Plenaries “Touching Ground” and “Review”

After an inspiring Kick-off Event, we “touch ground”: Panelists from different world regions describe how land degradation affects people’s livelihoods and explain what we can do about it.

On Tuesday, a “Review Panel” reviews the core outcomes of the discussions thus far, connects them to concrete examples from different world regions and points to critical issues that need to be pursued in order to arrive at strategies for change.

Plenary “Ways Forward”

On Wednesday, distinguished speakers reflect on the outcomes of the discussions at the Global Soil Week and propose ways forward in order to “not lose ground”. The Agenda for Action will serve as a reference point.

The Agenda for Action

The Global Soil Week is a platform and a process. The Week itself offers a multi-stakeholder platform to collaboratively develop ideas and organize activities. It also provides a process for partners and participants to follow up on the ideas developed during the Global Soil Week. Last year, at the First Global Soil Week 2012, first joint activities have been initiated that showcase the need for a continued and open process to address the identified challenges. The Second Global Soil Week 2013 builds on the 2012 outcomes, strengthens the initiated activities, deepens the debates and offers space for new developments.

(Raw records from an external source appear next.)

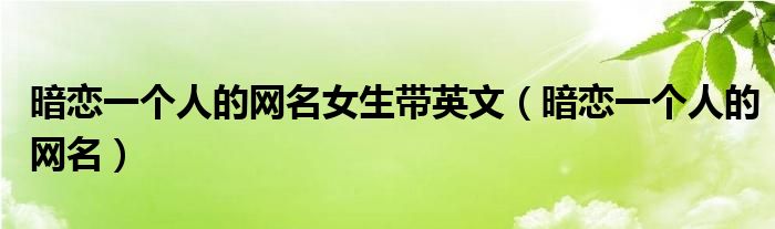 大家好,小晋来为大家解答以下问题,关于暗恋一个人的网名女生带英文,暗恋一个人的网名很多人还不知道,今天让我们一起来看看吧!
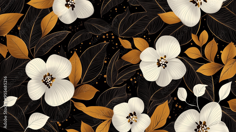 • Abstrakcyjny wzór kwiatowy w odcieniach czerni, złota i bieli na tle. Połączenie tych kolorów tworzy elegancki, nowoczesny wygląd z subtelnym, ale wyraźnym motywem kwiatowym.
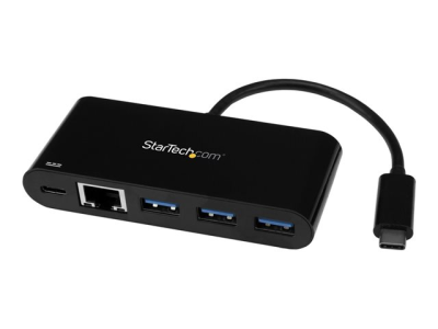 StarTech.com USB-C till Ethernet-adapter med USB 3.0-hubb med 3 portar och Power Delivery - Nätverksadapter - USB-C - Gigabit Ethernet - svart
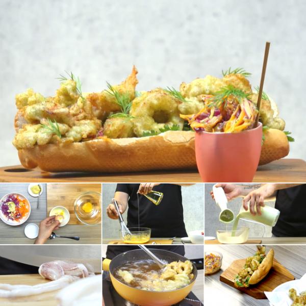 Bánh mì là một trong những đặc sản quen thuộc với mọi thế hệ người Việt. Một ổ bánh mì xốp giòn cùng nhân thịt, chả kèm các loại rau, dưa luôn là món ăn mà chúng ta có thể “ăn hoài không ngán”. Nhưng nếu bạn đã chán với những phiên bản nhân truyền thống thì sao không thử thay đổi cùng mực chiên tempura của POPS Chef xem sao? Là sự kết hợp giữa 2 nền ẩm thực châu Á, bạn sẽ được thưởng thức hương vị giòn tan bùng nổ của Tempura ngay trong ổ bánh mì quen thuộc. Không mất quá nhiều thời gian để sơ chế và thực hiện, dù bạn không phải một đầu bếp chuyên nghiệp cũng có thể dễ dàng thực hiện món ăn này.
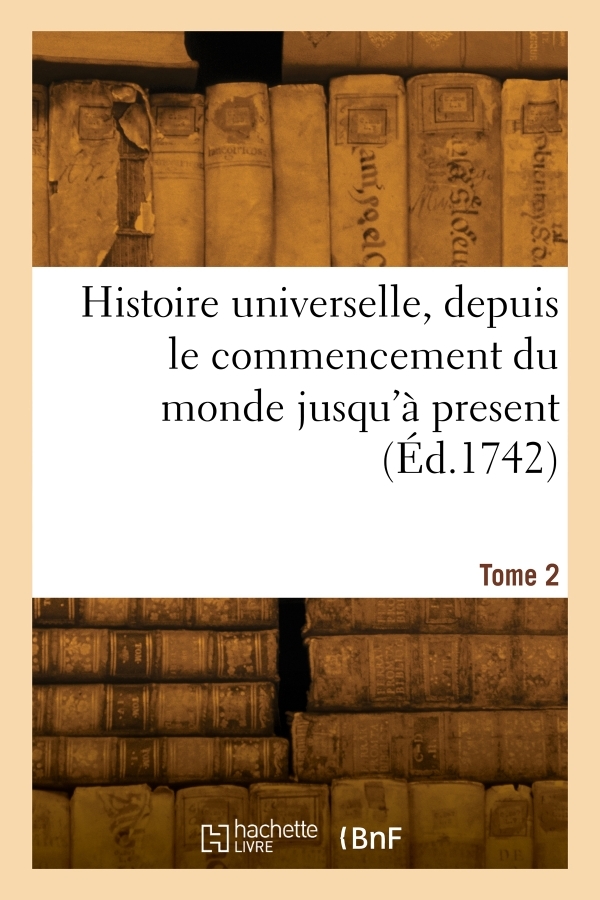 Histoire universelle depuis le commencement du Monde, jusqu'à present. Tome 2 / . Traduite de l'Anglois d'une Société de gens de lettres... Date de l'édition originale : 1742-1802 Le présent ouvrage s'inscrit dans une politique de conservation patrimoniale des ouvrages de la littérature Française mise en place avec la BNF. HACHETTE LIVRE et la BNF proposent ainsi un catalogue de titres indisponibles, la BNF ayant numérisé ces oeuvres et HACHETTE LIVRE les imprimant à la demande. Certains de ces ouvrages reflètent des courants de pensée caractéristiques de leur époque, mais qui seraient aujourd'hui jugés condamnables. Ils n'en appartiennent pas moins à l'histoire des idées en France et sont susceptibles de présenter un intérêt scientifique ou historique. Le sens de notre démarche éditoriale consiste ainsi à permettre l'accès à ces oeuvres sans pour autant que nous en cautionnions en aucune façon le contenu. Pour plus d'informations, rendez-vous sur www.hachettebnf.fr
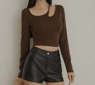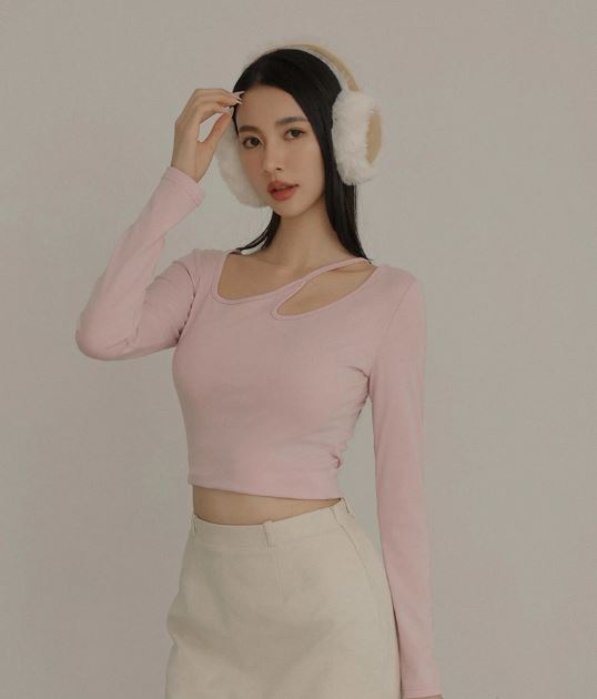 An asymmetrical cutout neckline paired with a single shoulder strap highlights the collarbone with a clean, modern edge. Crafted from softly brushed TENCEL™-blend fabric, the texture feels smooth and skin-friendly while remaining breathable and comfortable against the body. The cropped silhouette defines the waist and visually elongates the lower body, making it an easy choice to wear on its own or layered for versatile styling.
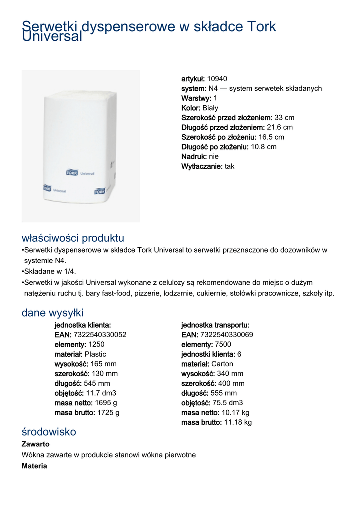Serwetki dyspenserowe w składce Tork Universal artykuł: 10940 system: N4 — system serwetek składanych Warstwy: 1 Kolor: Biały Szerokość przed złożeniem: 33 cm Długość przed złożeniem: 21.6 cm Szerokość po złożeniu: 16.5 cm Długość po złożeniu: 10.8 cm Nadruk: nie Wytłaczanie: tak właściwości produktu •Serwetki dyspenserowe w składce Tork Universal to serwetki przeznaczone do dozowników w systemie N4. •Składane w 1/4. •Serwetki w jakości Universal wykonane z celulozy są rekomendowane do miejsc o dużym natężeniu ruchu tj. bary fast-food, pizzerie, lodzarnie, cukiernie, stołówki pracownicze, szkoły itp. dane wysyłki jednostka klienta: EAN: 7322540330052 elementy: 1250 materiał: Plastic wysokość: 165 mm szerokość: 130 mm długość: 545 mm objętość: 11.7 dm3 masa netto: 1695 g masa brutto: 1725 g jednostka transportu: EAN: 7322540330069 elementy: 7500 jednostki klienta: 6 materiał: Carton wysokość: 340 mm szerokość: 400 mm długość: 555 mm objętość: 75.5 dm3 masa netto: 10.17 kg masa brutto: 11.18 kg środowisko Zawarto Wókna zawarte w produkcie stanowi wókna pierwotne Materia Wókna pierwotne Pulpa zawierajca wókna jest produkowana z drewna mikkiego lub twardego. Proces de lignifikacji odbywa si za pomoc siarczków lub siarczanów, co powoduje e lignina oraz ywice s usuwane z materiau celulozowego. Wybielanie wókien Wybielanie stanowi proces oczyszczania wókien, majcy na celu uzyskanie jasnej pulpy ale równie otrzymanie pulpy o okrelonej czystoci, speniajcej wymagania higieny oraz, w pewnych przypadkach, wymagania bezpieczestwa ywnoci. Obecnie stosuje si róne metody wybielania: ECF (bez stosowania chloru gazowego), z uyciem dwutlenku chloru oraz TCF (bez stosowania chloru i jego zwizków), w której to metodzie wykorzystywany jest ozon, tlen oraz nadtlenek wodoru. Substancje chemiczne Substancje chemiczne stosowane w produkcji, jak równie substancje czynne podlegaj ocenie pod wzgldem bezpieczestwa rodowiska, bezpieczestwa i higieny pracy oraz bezpieczestwa produktu jako takiego. Zastosowane substancje czynne obejmuj: Czynnik suszcy Barwnik = jeli produkt barwiony Czynniki utrwalajce Fluorescencyjny czynnik wybielajcy Klej Zmikczacze Substancje procesowe: Czynnik stabilizujco-zabezpieczajcy Substancja powlekajca Reduktor piany Czynniki dyspergujce, kontrolujce napicie powierzchniowe, pH oraz adunek Substancje wspomagajce retencj Substancje degradujce Substancje wspomagajce odpyw Bezpieczestwo produktu Produkt spenia wymagania prawne w odniesieniu do bezpieczestwa ywnoci. Opakowanie. Opakowanie spenia wymogi Dyrektywy ws. opakowa oraz ich odpadów (94/62/WE): Tak Produkcja Produkt jest wytwarzany w fabryce w Mediona, Hiszpania. Odpady Serwetki mog by przetwarzane w normalnych systemach odpadów komunalnych. Zuyte serwetki nie powinny by przekazywane do systemów recyclingu.

In 2012, partners of the Global Soil Week agreed to develop an Agenda for Action to outline the process for the years to come. This draft Agenda for Action is available online for comments (, a hardcopy forms part of your Global Soil Week kit. After the Global Soil Week 2013, partners of the Global Soil Week will reflect on those comments and elaborate the Agenda for Action. Get in touch with us, if you would like to contribute activities in the framework of the Agenda for Action. We would be glad to jointly explore this opportunity with you.

“Open Space Workshops”

On the final day of the Global Soil Week, we have the opportunity to use the open space and time to deepen our debates, to substantiate our planned activities and to strengthen our partnerships. Make use of this opportunity and contribute your ideas on how to arrive at a land degradation neutral world.

Action Forum

During the lunch breaks, you can grab a coffee or tea and participate in the Action Forum. This forum provides a creative space to explore and reflect on losing ground “using our five senses”. Special guests will take us on a journey of the senses and ignite our creative thinking!